MC and more physical engines
Motors Monte Carlo or closer to explicit transport often gain traction here, but this does not eliminate the importance of beam model, statistics, grid resolution and commissioning.
What each family tends to see best
| Scenario | Families that tend to suffer most | Families that tend to respond best |
|---|---|---|
| Low density lung | Pencil Beam classic | Collapsed cone, Acuros XB, Monte Carlo |
| Soft tissue reentry after lung | Pencil Beam, AAA in certain scenarios | Acuros XB, Monte Carlo |
| Bone and dense interfaces | Strongly water-equivalent models | Acuros XB, Monte Carlo |
| Metal and high Z | Any algorithm without reliable material mapping | Well-configured material-explicit engines |
| Small heterogeneous fields | Pencil Beam, part of the simplified models | More physical engines, as long as they are well modeled |
This table needs to be read maturely. It does not say that an algorithm “always loses”. It tells where each family’s dominant hypothesis tends to come under the most pressure.
The classic error: blaming the algorithm when the problem is something else
There is a reading error that appears all the time in clinical comparisons: attributing every discrepancy to the name of the engine.
In heterogeneity, the observed difference can arise from several sources at the same time:
- physical family of the algorithm;
- grid resolution;
- material mapping;
- dose convention;
- beam model;
- MLC;
- modeling scope of machine and technical validation.
Himself RayStation insists on this by saying that certain techniques, such as VMAT sequencing, should be treated as practically a new technique, requiring validation of beam model and QA per patient. This completely changes the tone of the discussion. The dose algorithm matters a lot, but it never acts alone.
How to read heterogeneity more maturely
A more mature reading of the comparison between algorithms in heterogeneity includes at least four questions:
- which physical phenomenon dominates this case?
- which algorithm hypothesis is most pressed here?
- does the observed difference come from transport, dose convention or beam model?
- is this divergence clinically relevant or just methodologically visible?
Without these questions, the comparison becomes a ranking.
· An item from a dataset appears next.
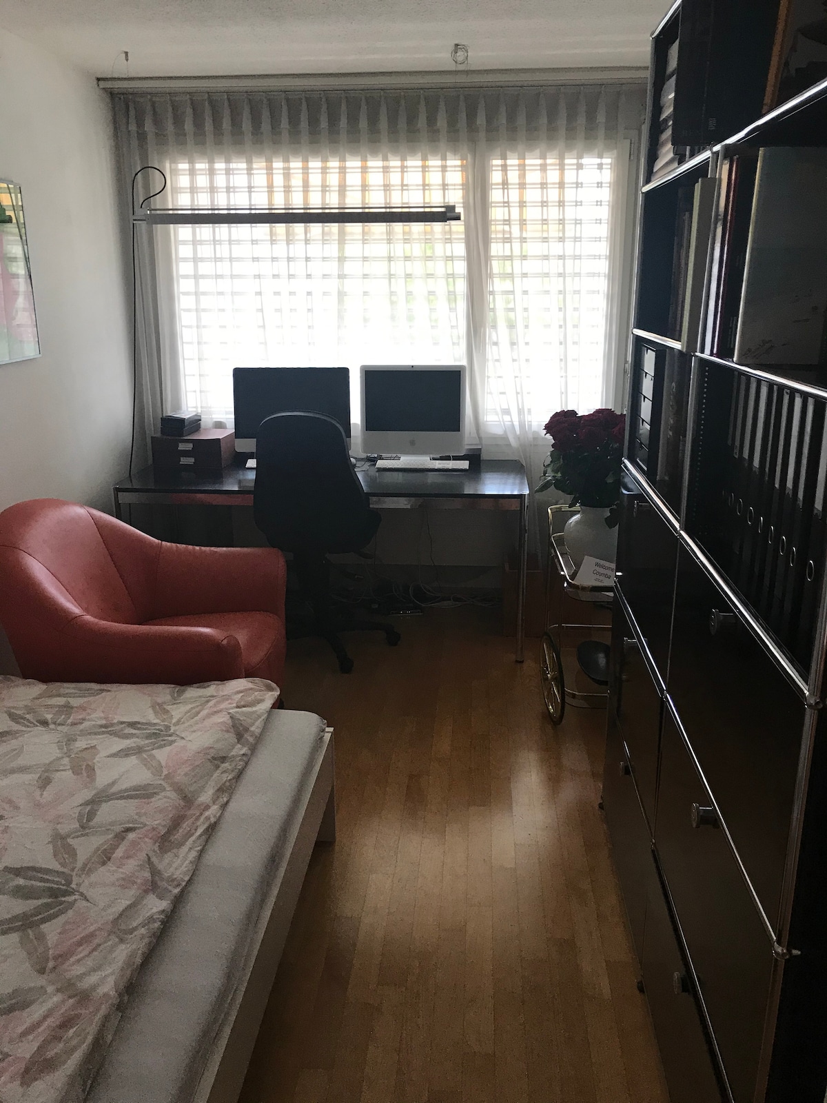 Vivimos en el mismo edificio, pero ofrecemos a los huéspedes su propio espacio sin interrupciones. El apartamento es un pequeño estudio independiente en la segunda planta. Baño completo privado y cocina. A 1 minuto a pie del apartamento puedes relajarte junto al río o ¡flotar a lo largo de él con una cerveza! Para viajar en transporte público, se puede llegar a la parada de tranvía Hardturm con una caminata de 8 minutos (577 m), el tranvía 17 te lleva directamente a la ciudad en solo 10 minutos. El campus ETH Hönggerberg está a solo 1,2 km cuesta arriba.
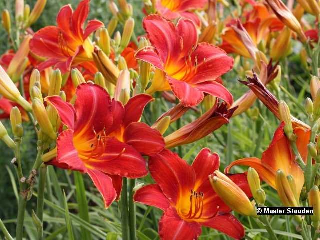 Die trichterförmigen Einzelblüten halten zwar nur einen Tag, jedoch öffnen sich in einer Folge wochenlang täglich neue Blüten. Die großen Horste wirken schön in Einzelstellung.

With them, it becomes clinical physics.
What changes when heterogeneity meets modulation
There is a final point worth highlighting: heterogeneity rarely appears alone in modern practice. It appears together with:
- intense modulation;
- multiple fields;
- arcs;
- small fields;
- complex MLC edges.
When this happens, the problem stops being just “how the algorithm treats density” and becomes “how the algorithm + beam model + technique set describes a complex beam in a complex medium”. This is exactly why regulatory texts like RayStation insist so much on technique-specific validation and patient QA.
It is precisely in heterogeneity that names lose usefulness and physical hypotheses appear. Pencil Beam, AAA, collapsed cone, Acuros XB and Monte Carlo do not disagree because “is better” in the abstract. They differ because they simplify different parts of the same problem.
In the lung and air-tissue interfaces, the laterality of transport becomes the protagonist. In bone and high Z, the problem stops being just density and becomes material. In a small field, beam model, MLC and discretization start to matter as much as the engine name.
If the team reads heterogeneity this way, the comparison between algorithms becomes much more useful. It stops being a branded debate and becomes a concrete question about where that calculation still holds and where it is already outside the comfortable zone.